Former police officer who killed George Floyd is sentenced to another 21 years in prison

A federal judge sentenced Derek Chauvin, a former police officer who suffocated African-American George Floyd, to 21 years in prison for violating the victim’s civil rights.

Chauvin was already sentenced last year by a Minnesota state court to 22 and a half years in prison for the murder of Floyd, of which he will serve 15 years.

The former Minneapolis police officer pleaded guilty last February to violating Floyd’s civil rights after closing an agreement with the Prosecutor’s Office to simultaneously serve this sentence with the one he already faces for murder.

Chauvin was sentenced to 21 years in federal prison by Judge Paul Magnuson, who harshly criticized the former police officer’s performance in Floyd’s death.

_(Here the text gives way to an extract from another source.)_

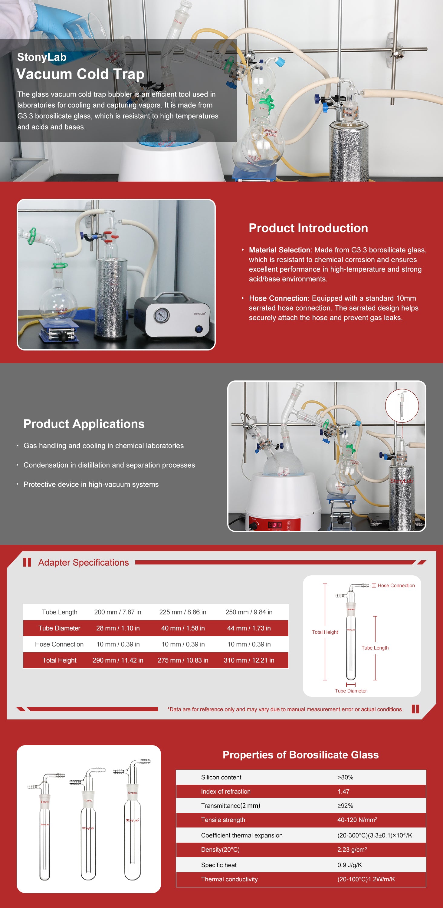 Glass Vacuum Cold Trap Bubblers, 200/225/250 mm

The Prosecutor’s Office requested a sentence of 25 years, while Chauvin’s defense had requested a maximum of 20 years.

The federal crime of violating a person’s civil rights carries a range of sentences from prison to life in prison to death, depending on the circumstances of the crime and the injuries that result from it, according to the Justice Department.

Floyd died May 25, 2020 after Chauvin pressed his knee to his neck for more than nine minutes while trying to arrest him for having used a counterfeit bill to pay at a store.

Chauvin was accompanied by former agents Thomas Lane, Alexander Kueng and Tou Thao, who were already convicted last February of violating Floyd’s civil rights by not providing assistance while his partner suffocated him.

His murder, which was videotaped by witnesses on the street, triggered a wave of protests and racial riots in the United States not seen since the assassination of Martin Luther King in the late 1960s.